Acta Crystallogr Sect F Struct Biol Cryst Commun. 2010 Nov 1;66(Pt 11):1511-6. doi: 10.1107/S1744309110036791. Epub 2010 Oct 29.
Dihydrodipicolinate synthase (DHDPS) is an oligomeric enzyme that catalyzes the first committed step of the lysine-biosynthesis pathway in plants and bacteria, which yields essential building blocks for cell-wall and protein synthesis. DHDPS is therefore of interest to drug-discovery research as well as to studies that probe the importance of quaternary structure to protein function, stability and dynamics. Accordingly, DHDPS from the psychrophilic (cold-dwelling) organism Shewanella benthica (Sb-DHDPS) was cloned, expressed, purified and crystallized. The best crystals of Sb-DHDPS were grown in 200 mM ammonium sulfate, 100 mM bis-tris pH 5.0-6.0, 23-26%(w/v) PEG 3350, 0.02%(w/v) sodium azide and diffracted to beyond 2.5 Å resolution. Processing of diffraction data to 2.5 Å resolution resulted in a unit cell with space group P2(1)2(1)2(1) and dimensions a = 73.1, b = 84.0, c = 143.7 Å. These studies of the first DHDPS enzyme to be characterized from a bacterial psychrophile will provide insight into the molecular evolution of enzyme structure and dynamics.

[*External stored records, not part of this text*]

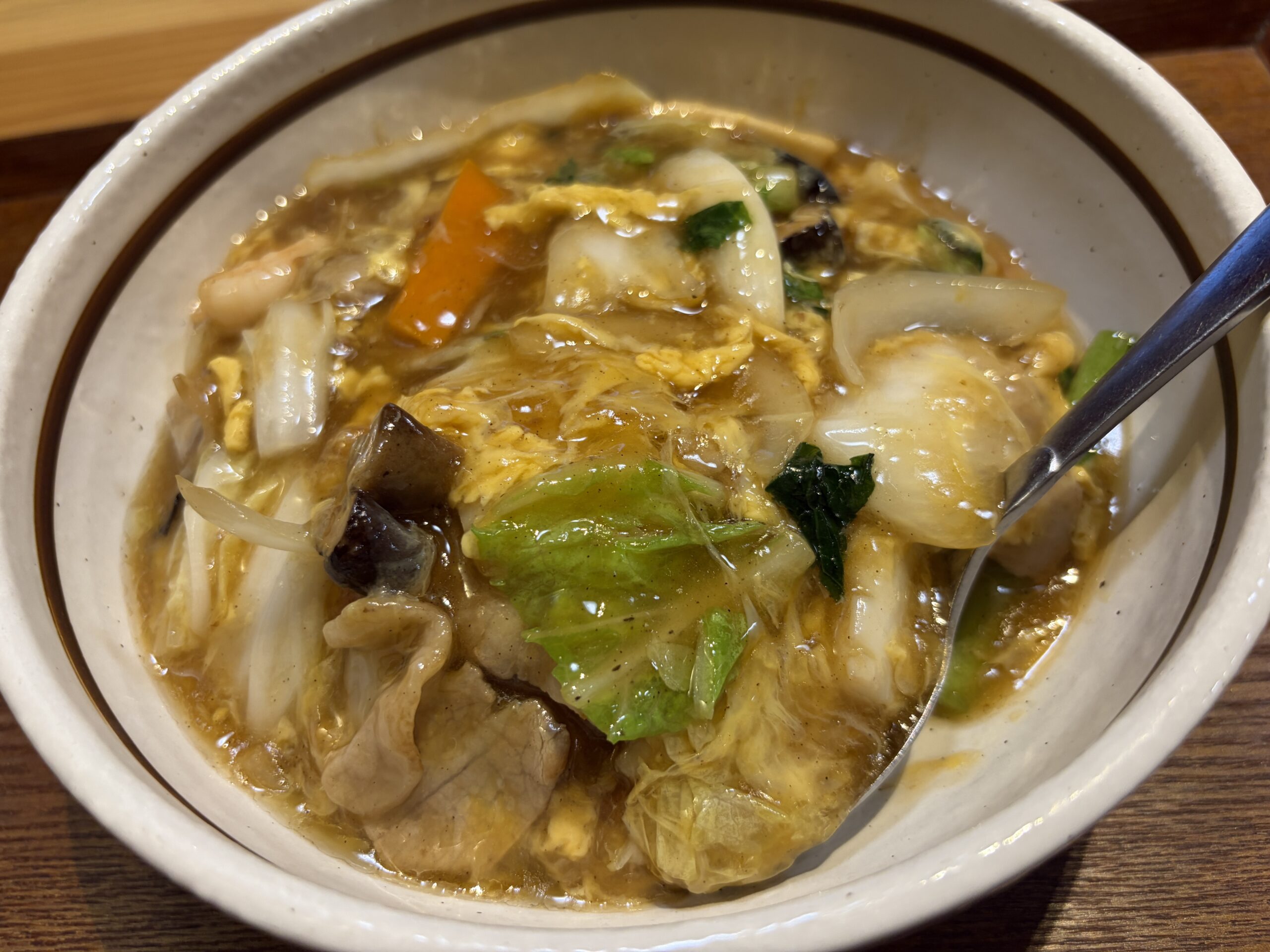 しばらくして中華丼が運ばれてきました。とても良い香りが漂ってきて食欲が湧いてきます。熱々で具沢山の餡は薄味で生姜も効いていてとても美味しくいただけます。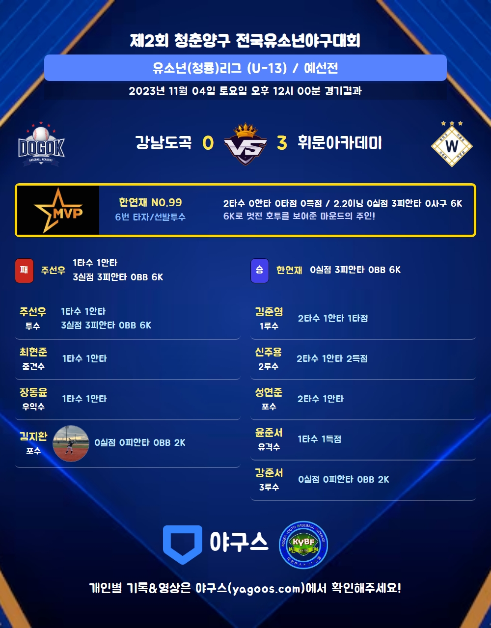 | 2 | 강준서(23) | 세이브 | - | 4 | 0 | 0 | 0 | 1 | 2 | 24 | 0 | 0 | 0 |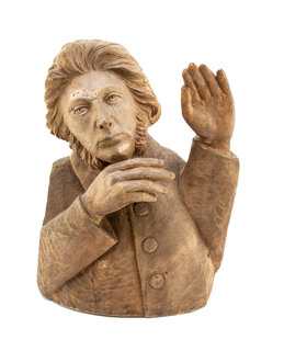 drewno; wys. 49,5 cm, wys. całk. z podstawą 53 cm.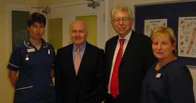 The Health Secretary inside the MITC with Tony Colman, John Reid, Sarah-Jane Anscomb, Clinical Nurse Manager and Carol Ayres, Emergency Nurse Practitioner. |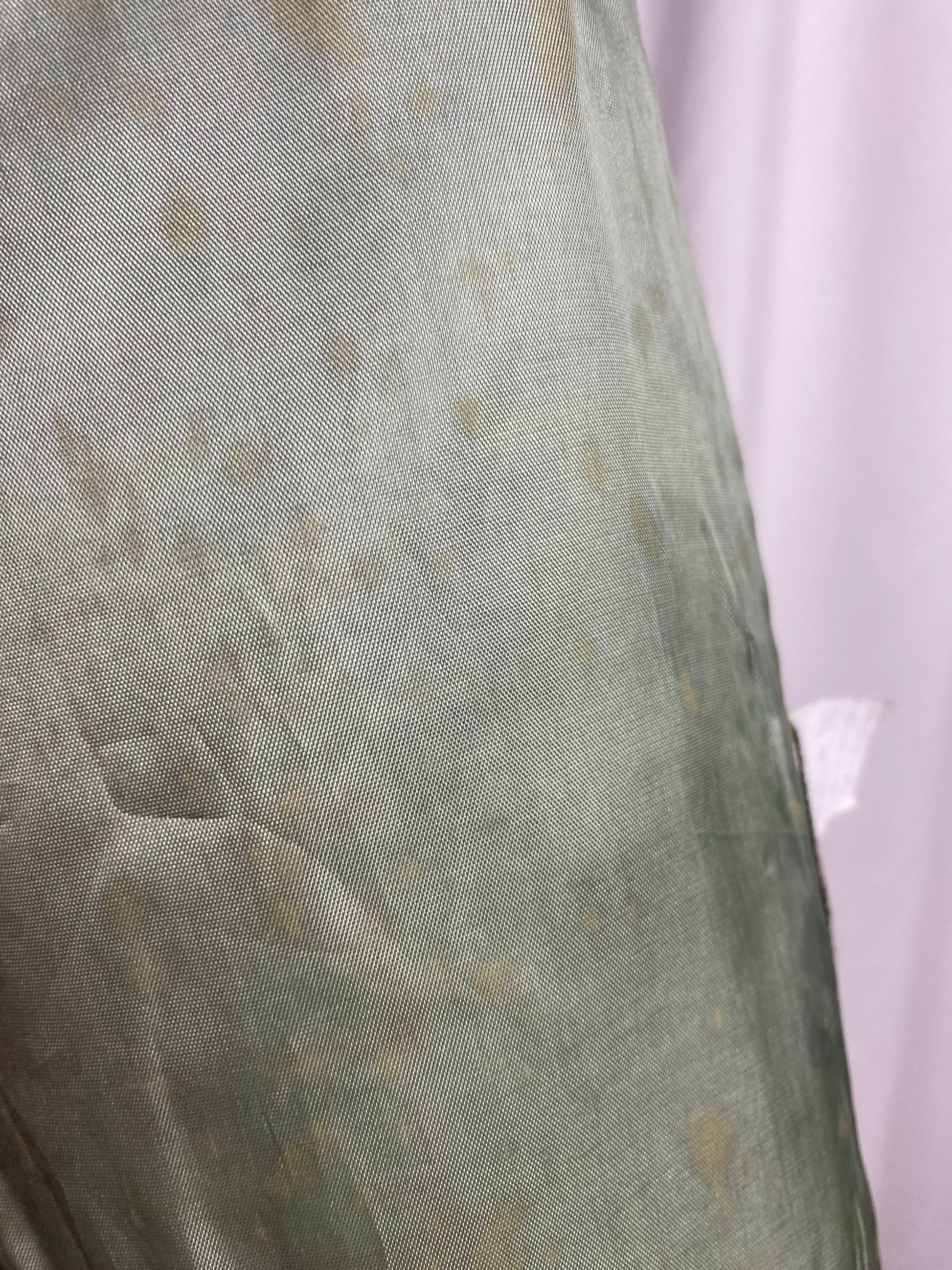 La giacca è stata sottoposta a lavaggio a secco ed è pulita, ma la fodera interna presenta aloni che non sono scomparsi. Il prezzo tiene conto di questo dettaglio.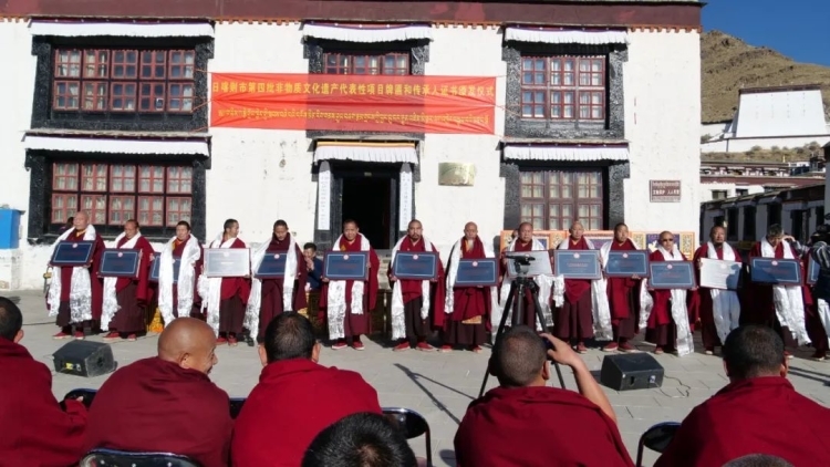 此次公布的第四批日喀則市級非遺代表性項(xiàng)目202項(xiàng)、代表性傳承人223項(xiàng),其中僅扎什倫布寺就有126個項(xiàng)目和142名傳承人。(中國西藏網(wǎng) 記者/趙振宇 圖片源自文化日喀則微信公眾號)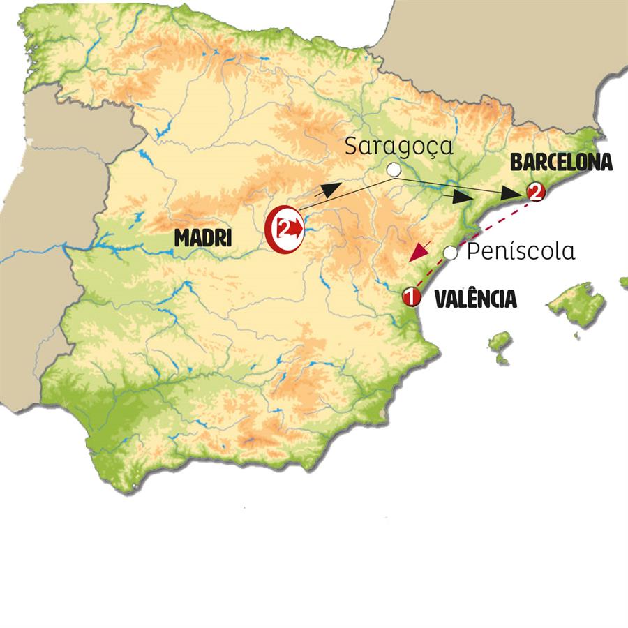 Saída rumo à província de Aragão, atravessando as terras de Castilha. Ao chegar a SARAGOÇA, breve parada para conhecer a Basílica de Nossa Senhora do Pilar. Após o horário do almoço, saída para o Mosteiro de Poblet, rodeado por muralhas e um dos mosteiros medievais mais bem conservados no mundo (entrada incluída). Continuação até BARCELONA e chegada ao final da tarde.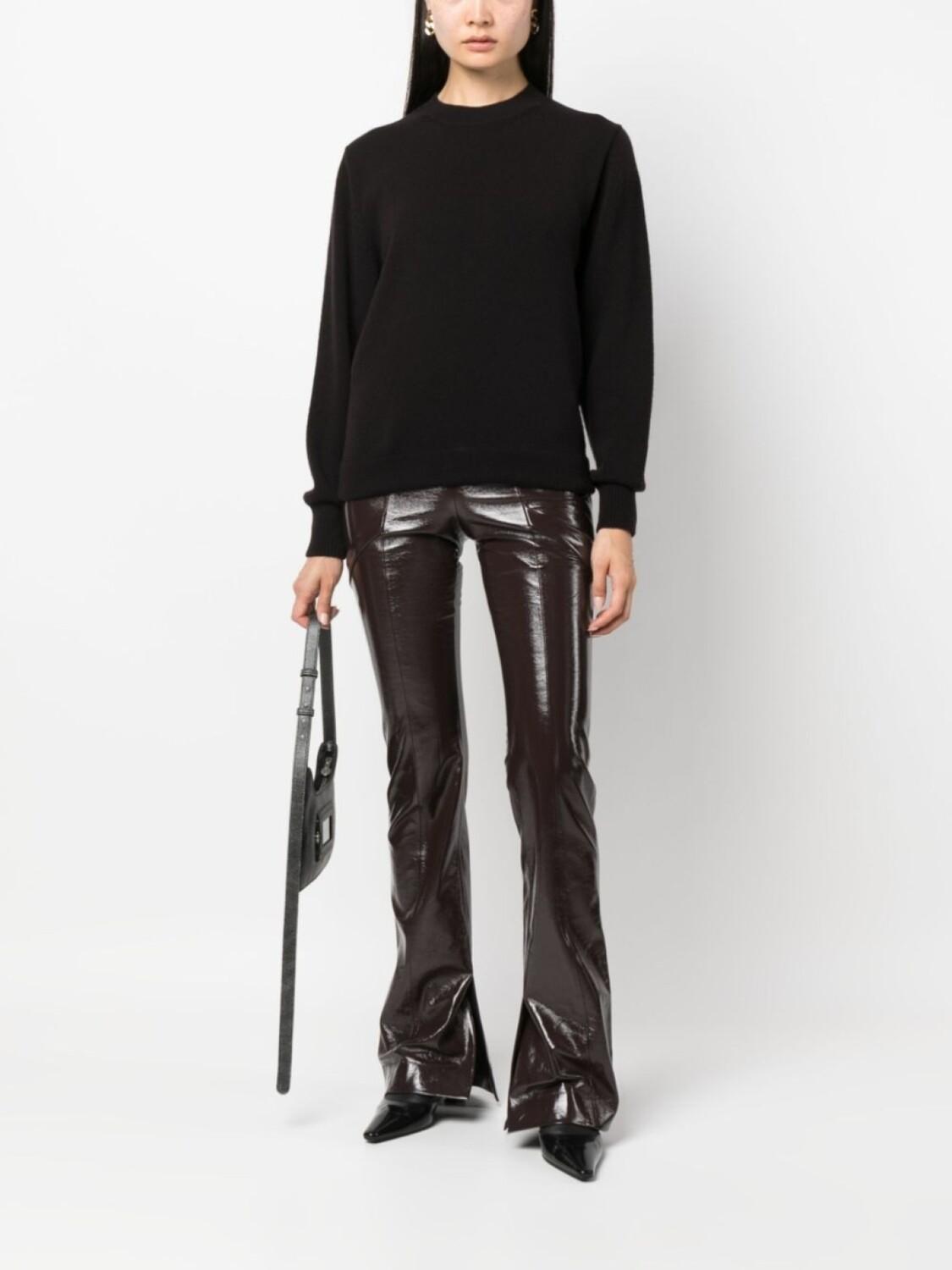 Черный, смесь шерсти и кашемира, эластичный материал, трикотажный материал, круглый вырез, длинные рукава и прямой подол.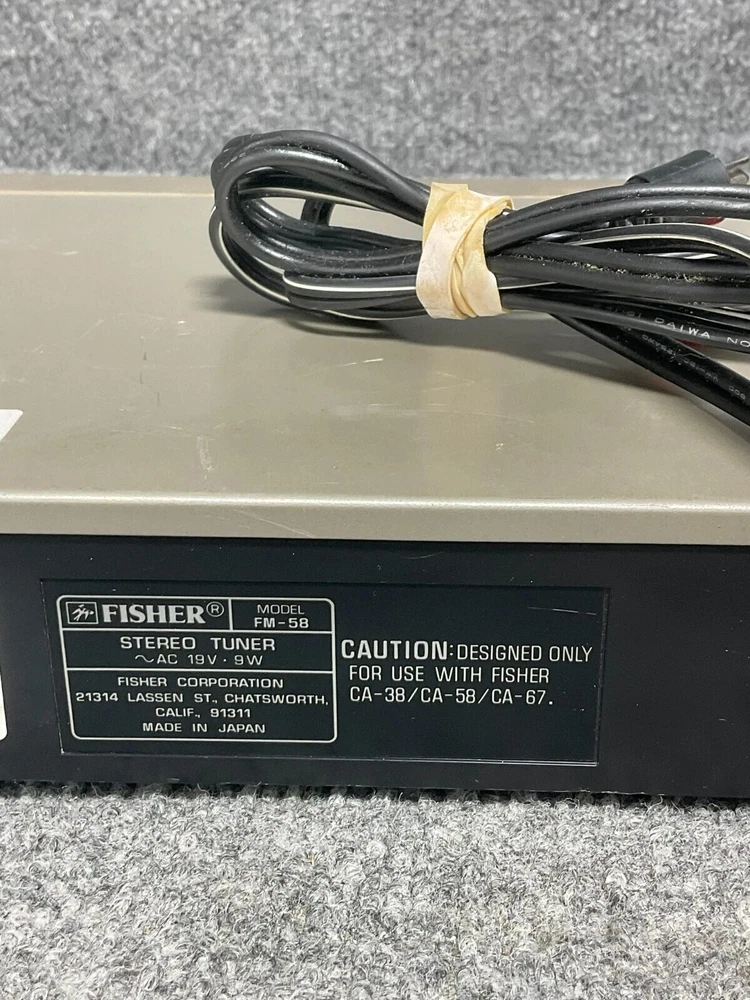 Fisher AM/FM Stereo Synthesizer Tuner FM-58 Compact Studio Standard AC 19V 9W Description Fisher AM/FM Stereo Synthesizer Tuner FM-58 Compact Studio Standard AC 19V 9W Product Detail • Brand : Studio Standard by Fisher • Model : FM-58 • Type : Stereo Synthesizer Tuner • Weight : 3 lbs • Condition : This item is pre-owned and shows signs of wear and tear consistent with regular use. Any noticeable imperfections, such as scratches, scuffs, or minor dislocations, are detailed in the description or visible in the photos. Please review all images and information carefully before purchasing. • Important Note : The item has some scratches due to its used condition (please see images 4, 5, and 6 carefully). Please note that the stereo synthesizer tuner does not come with any other accessories . This item has been tested and will be tested again before shipping to confirm it is in the same condition as listed. PLEASE NOTE: This item does not come with any accessories unless they are specifically mentioned in the listing description. It only comes with what is pictured. Please review the pictures before making a purchase. We value your business and encourage you to send a message if you have any issues or concerns I answer most questions instantly! Thank you! Customer satisfaction is our top priority. All products undergo quality checks to ensure they are in good condition when shipped to our customers. If a product is defective or damaged upon arrival, or if the wrong product is shipped, please understand that this is not intentional, as we have to pay for the shipping and the return. Please contact us immediately. “Returns are accepted within 30 days of the delivery date, and the item must be in its original new condition, with attached tags and wrap, and should not be worn or altered in any way. Otherwise, the sale is considered final. We cover all shipping costs for returns. Please contact us first if you have any problems, questions, or concerns.” We will be happy to resolve any issues you may have in a courteous and friendly manner. We appreciate your positive feedback and will do the same in return. Please do not leave negative feedback without first communicating with us. Please allow a maximum of 2 business days for us to respond.

二氢二吡啶酸合酶(DHDPS)是一种寡聚酶,催化植物和细菌中赖氨酸生物合成途径的首个关键步骤,该步骤产生细胞壁和蛋白质合成所需的基本构件。因此,DHDPS对于药物研发研究以及探究四级结构对蛋白质功能、稳定性和动力学的重要性的研究都具有重要意义。相应地,来自嗜冷(栖居于寒冷环境)生物嗜压希瓦氏菌(Sb-DHDPS)的DHDPS被克隆、表达、纯化并结晶。Sb-DHDPS的最佳晶体在含有200 mM硫酸铵、100 mM二(2-羟乙基)氨基三(羟甲基)甲烷pH 5.0 - 6.0、23 - 26%(w/v)聚乙二醇3350、0.02%(w/v)叠氮化钠的溶液中生长,并衍射至2.5 Å以上分辨率。将衍射数据处理至2.5 Å分辨率得到一个空间群为P2(1)2(1)2(1)的晶胞,其尺寸为a = 73.1、b = 84.0、c = 143.7 Å。这些对首个从嗜冷细菌中鉴定出的DHDPS酶的研究将为酶结构和动力学的分子进化提供深入见解。